*** Data provided Section Begins ***

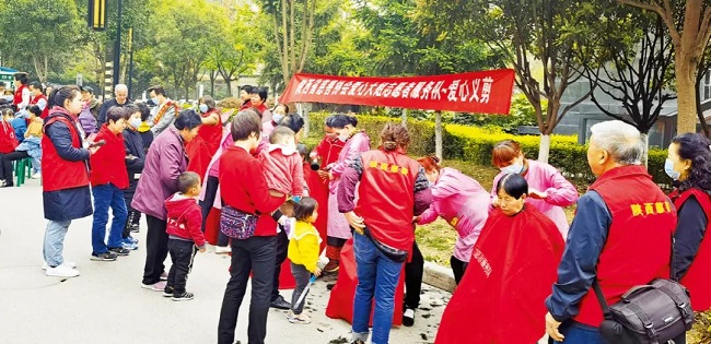 恒基·碧翠锦华项目将党建引领融入到日常服务中,把“红色物业”活动与党性教育、民俗节日、文化体育等活动结合起来。图为红色服务队之爱心义剪活动
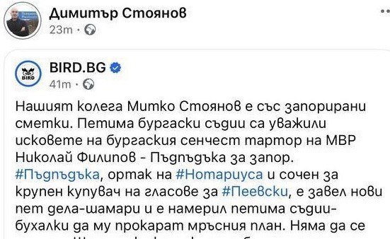 Най-често тези обвързаности са откровено политически, основно с ПП-ДБ, а в останалите случаи пък става дума за някаква лична вендета и ненавист към определени лица от страна на журналистите в BIRD. Примерите затова вече са много, като сега ще ви дадем като показателен само последния, в който журналист от BIRD се оказа със запорирани сметки, защото от години атакува голям бургаски бизнесмен, без обаче да има нито едно доказателство срещу него. Става дума Димитър Стоянов от BIRD, който се оказа със запорирани сметки след като петима (забележете петима!), бургаски съдии уважиха исковете на бизнесмена Николай Филипов срещу него. В позиция на BIRD и Димитър Стоянов, разпространена из социалните медии, последните без никакво притеснение обвързват с конкретния случая куп имена и прякори, които обаче нямат нищо общо с разглеждания казус. Нещо повече. BIRD и Димитър Стоянов си позволяват най-откровено и директно да заплашват петима български съдии с това, че щели да извадят публично техните имена, снимки, имущество и дипломи. Или с други думи – осъдените, заплашват представители на съдебната власт със саморазправа и публично унижение. Наричат ги „съдии – бухалки“ и заплашват, че щели да организират тяхното дисциплинарно уволнение от ВСС.
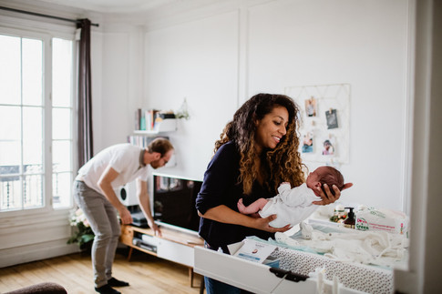 Et c'était peu dire. A peine un mois plus tard, je les retrouvais à trois pour une séance photo nouveau-né, toujours à leur domicile, pour de nouveaux souvenirs. Un beau bébé qui n'avait toutefois pas l'intention de laisser la séance se dérouler comme prévu. A neuf jours de vie, elle montrait déjà son caractère. J'était venu pour une séance mêlant photo de famille lifestyle et photo nouveau-né posing. Mais la partie posing s'est révélée extrêmement compliqué. Le petit ange ne voulait que téter, n'arrivait pas à s'endormir et surtout ne supportait pas d'être déshabillé et emmailloté. Ce n'est pas faute pourtant de lui avoir créé un environ adéquat, comme à l'habitude, avec un petit chauffage d'appoint pour ne pas qu'elle ait froid, et fait preuve de toute la douceur et patience possible. Cela arrive rarement. Même très rarement. Et il faut alors savoir l'accepter et improviser. Jamais je ne forcerai un bébé à faire ce qu'il refuse manifestement. Alors pour la toute première fois en huit ans d'activité, j'ai capitulé. Nous nous sommes contentés de photos lifestyle, et j'ai tout de même réussi à faire quelques photos de bébé seule en body, sur le plaid. Quelques unes endormies, durant ses cinq minutes d'assoupissement. Leurs souvenirs n'en sont pas moins beaux. Ils sont juste différents ce qu'ils avaient imaginé (voir les photos)
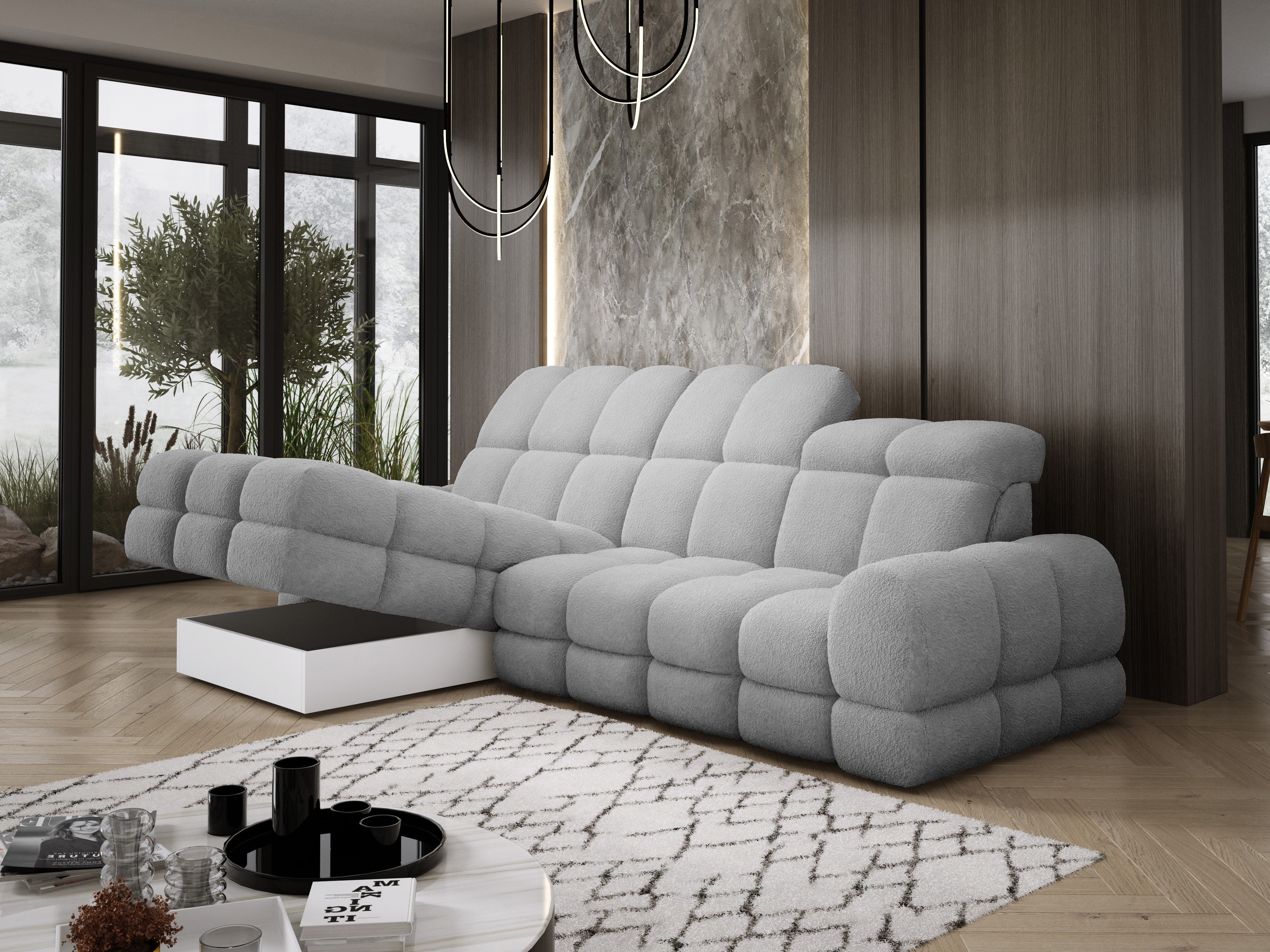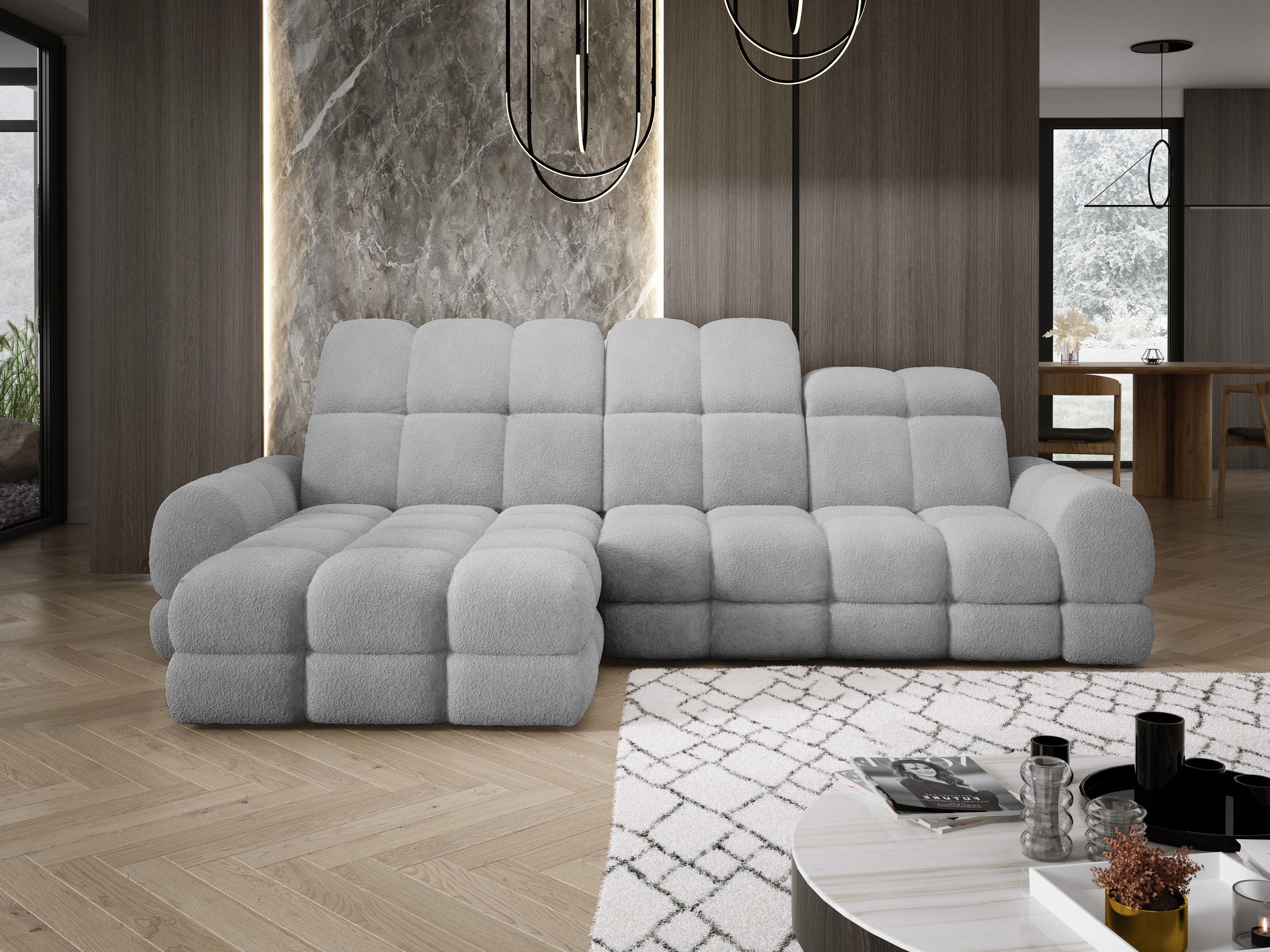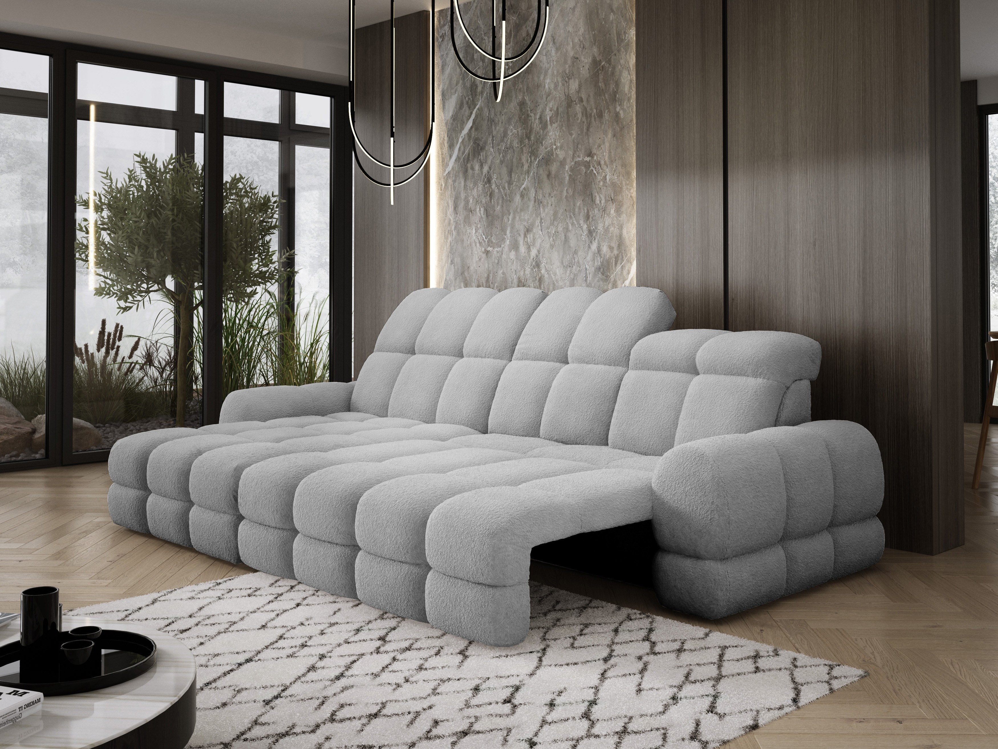 Model został wyposażony w elektrycznie rozkładaną funkcję spania, która w kilka chwil zamienia narożnik w komfortowe łóżko – idealne do codziennego relaksu lub dla gości.

*** Data provided Section Ends ***

# How to complete this task
Return the listing above in full and exactly, omitting all pictures.

# Exercise response
 恒基·碧翠锦华项目将党建引领融入到日常服务中,把“红色物业”活动与党性教育、民俗节日、文化体育等活动结合起来。图为红色服务队之爱心义剪活动
 Най-често тези обвързаности са откровено политически, основно с ПП-ДБ, а в останалите случаи пък става дума за някаква лична вендета и ненавист към определени лица от страна на журналистите в BIRD. Примерите затова вече са много, като сега ще ви дадем като показателен само последния, в който журналист от BIRD се оказа със запорирани сметки, защото от години атакува голям бургаски бизнесмен, без обаче да има нито едно доказателство срещу него. Става дума Димитър Стоянов от BIRD, който се оказа със запорирани сметки след като петима (забележете петима!), бургаски съдии уважиха исковете на бизнесмена Николай Филипов срещу него. В позиция на BIRD и Димитър Стоянов, разпространена из социалните медии, последните без никакво притеснение обвързват с конкретния случая куп имена и прякори, които обаче нямат нищо общо с разглеждания казус. Нещо повече. BIRD и Димитър Стоянов си позволяват най-откровено и директно да заплашват петима български съдии с това, че щели да извадят публично техните имена, снимки, имущество и дипломи. Или с други думи – осъдените, заплашват представители на съдебната власт със саморазправа и публично унижение. Наричат ги „съдии – бухалки“ и заплашват, че щели да организират тяхното дисциплинарно уволнение от ВСС.
 Et c'était peu dire. A peine un mois plus tard, je les retrouvais à trois pour une séance photo nouveau-né, toujours à leur domicile, pour de nouveaux souvenirs. Un beau bébé qui n'avait toutefois pas l'intention de laisser la séance se dérouler comme prévu. A neuf jours de vie, elle montrait déjà son caractère. J'était venu pour une séance mêlant photo de famille lifestyle et photo nouveau-né posing. Mais la partie posing s'est révélée extrêmement compliqué. Le petit ange ne voulait que téter, n'arrivait pas à s'endormir et surtout ne supportait pas d'être déshabillé et emmailloté. Ce n'est pas faute pourtant de lui avoir créé un environ adéquat, comme à l'habitude, avec un petit chauffage d'appoint pour ne pas qu'elle ait froid, et fait preuve de toute la douceur et patience possible. Cela arrive rarement. Même très rarement. Et il faut alors savoir l'accepter et improviser. Jamais je ne forcerai un bébé à faire ce qu'il refuse manifestement. Alors pour la toute première fois en huit ans d'activité, j'ai capitulé. Nous nous sommes contentés de photos lifestyle, et j'ai tout de même réussi à faire quelques photos de bébé seule en body, sur le plaid. Quelques unes endormies, durant ses cinq minutes d'assoupissement. Leurs souvenirs n'en sont pas moins beaux. Ils sont juste différents ce qu'ils avaient imaginé (voir les photos)
 Model został wyposażony w elektrycznie rozkładaną funkcję spania, która w kilka chwil zamienia narożnik w komfortowe łóżko – idealne do codziennego relaksu lub dla gości.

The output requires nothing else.